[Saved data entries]
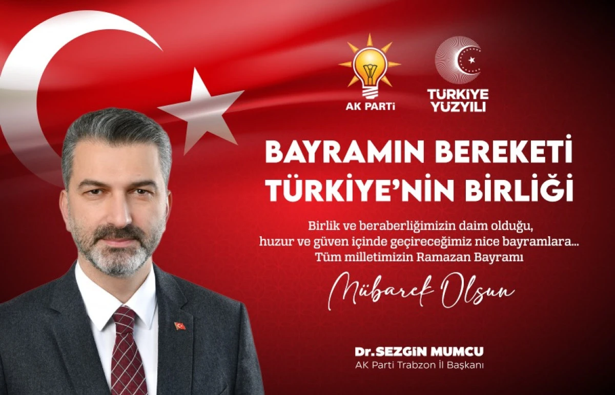 Trabzon haberleri | AK Parti Trabzon İl Başkanı Dr. Sezgin Mumcu, Ramazan Bayramı dolayısıyla yayımladığı mesajda, mübarek ayın ardından gelen bayramın, toplumda birlik ve beraberliği güçlendiren özel bir zaman olduğunu vurguladı. Mumcu, “Rahmet, bereket ve mağfiret ayı Ramazan-ı Şerif’i geride bırakırken, kardeşliğin, dayanışmanın ve paylaşmanın öne çıktığı bir Ramazan Bayramı’na ulaşmanın huzurunu yaşıyoruz” ifadelerini kullandı.
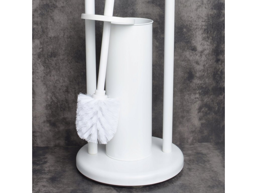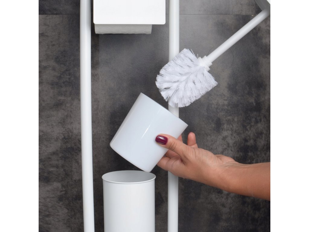 Praktický toaletný stojan 2v1 s toaletnou kefou a držiakom toaletného papiera s chlopňou.
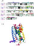 Figure 3. Sequence alignment of human MT1, MT2 and GPR50 with bovine rhodopsin (pdb 1F88). Sequence identities are reported white on a black background, whereas sequence similarities are boxed (A). The positions of the transmembrane helices, as observed in the bovine rhodopsin structure, are reported above its sequence. Arrows indicate the positions of the amino acids that, in GPR50, evolved under positive selection. Stars indicate amino acids which have been shown to play a key role for melatonin binding in MT1 (dark blue), MT2 (light blue) or both (red). A ribbon representation of the GPR50 3D structure model is represented (B), with transmembrane helices colored according to the sequence alignment. Amino acids evolving under positive selection and amino acids important for melatonin binding in MT1/MT2 are shown according to the colors reported in the sequence alignment.
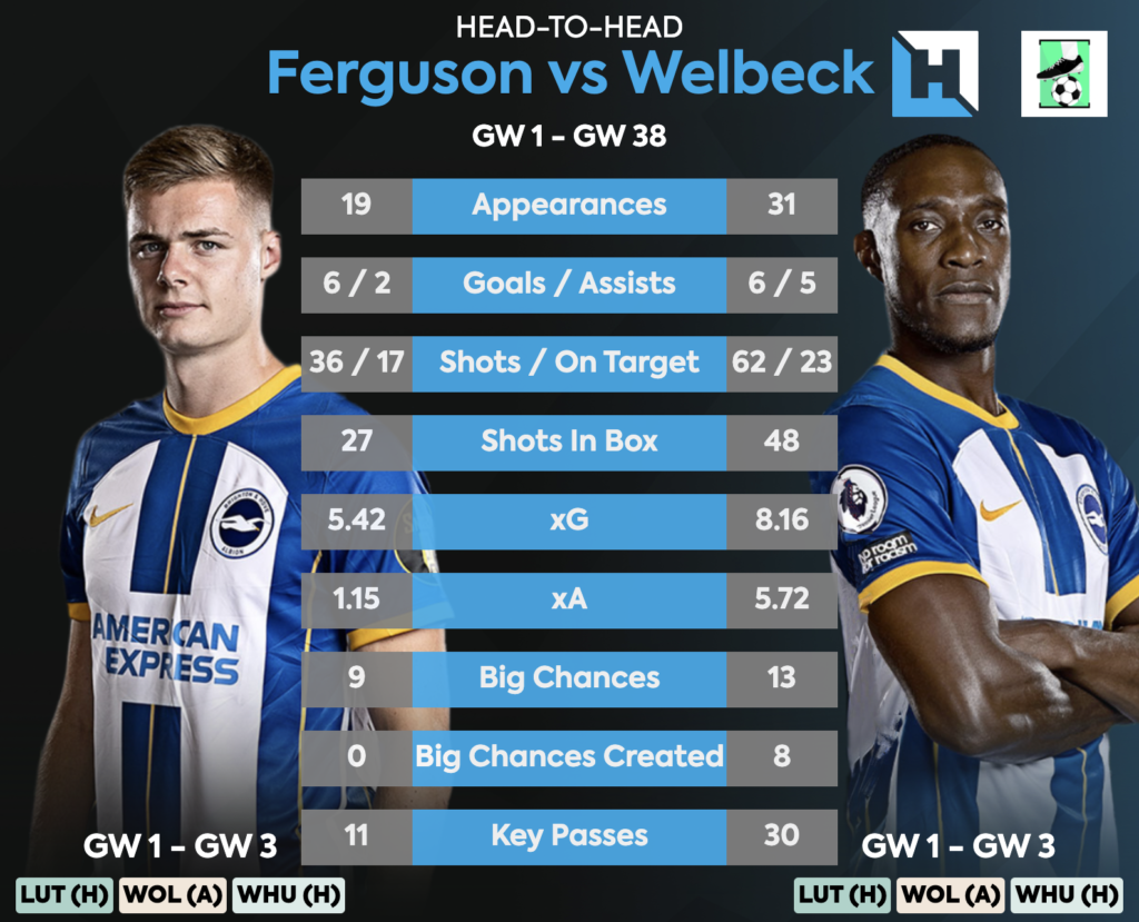 It’s widely expected that Feguson will feature more regualrly for Brighton this season. But he faced competion from Welbeck last season and it doesn’t look like Welback is number 2 yet which means the cmopetiton for Welback and Ferguson for the one striker spot will continue atleast in the beginning of the season.
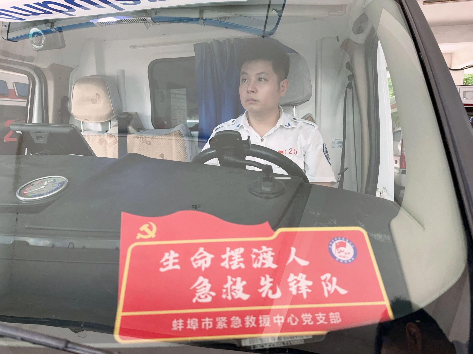 9月6日上午9时许,刚送救护车去做完保养,120蚌埠市紧急救援中心车管科科长付康耀驾驶车辆在返程途中,路经宏业路时,发现机动车道上一位老人被电动车撞倒在地,出于急救人员的本能,他毫不犹豫选择停车救人。

** Assignment **
Each entry above must come back exactly as written. Drop the images.

** Expected output **
 Trabzon haberleri | AK Parti Trabzon İl Başkanı Dr. Sezgin Mumcu, Ramazan Bayramı dolayısıyla yayımladığı mesajda, mübarek ayın ardından gelen bayramın, toplumda birlik ve beraberliği güçlendiren özel bir zaman olduğunu vurguladı. Mumcu, “Rahmet, bereket ve mağfiret ayı Ramazan-ı Şerif’i geride bırakırken, kardeşliğin, dayanışmanın ve paylaşmanın öne çıktığı bir Ramazan Bayramı’na ulaşmanın huzurunu yaşıyoruz” ifadelerini kullandı.
 Praktický toaletný stojan 2v1 s toaletnou kefou a držiakom toaletného papiera s chlopňou.
 Figure 3. Sequence alignment of human MT1, MT2 and GPR50 with bovine rhodopsin (pdb 1F88). Sequence identities are reported white on a black background, whereas sequence similarities are boxed (A). The positions of the transmembrane helices, as observed in the bovine rhodopsin structure, are reported above its sequence. Arrows indicate the positions of the amino acids that, in GPR50, evolved under positive selection. Stars indicate amino acids which have been shown to play a key role for melatonin binding in MT1 (dark blue), MT2 (light blue) or both (red). A ribbon representation of the GPR50 3D structure model is represented (B), with transmembrane helices colored according to the sequence alignment. Amino acids evolving under positive selection and amino acids important for melatonin binding in MT1/MT2 are shown according to the colors reported in the sequence alignment.
 It’s widely expected that Feguson will feature more regualrly for Brighton this season. But he faced competion from Welbeck last season and it doesn’t look like Welback is number 2 yet which means the cmopetiton for Welback and Ferguson for the one striker spot will continue atleast in the beginning of the season.
 9月6日上午9时许,刚送救护车去做完保养,120蚌埠市紧急救援中心车管科科长付康耀驾驶车辆在返程途中,路经宏业路时,发现机动车道上一位老人被电动车撞倒在地,出于急救人员的本能,他毫不犹豫选择停车救人。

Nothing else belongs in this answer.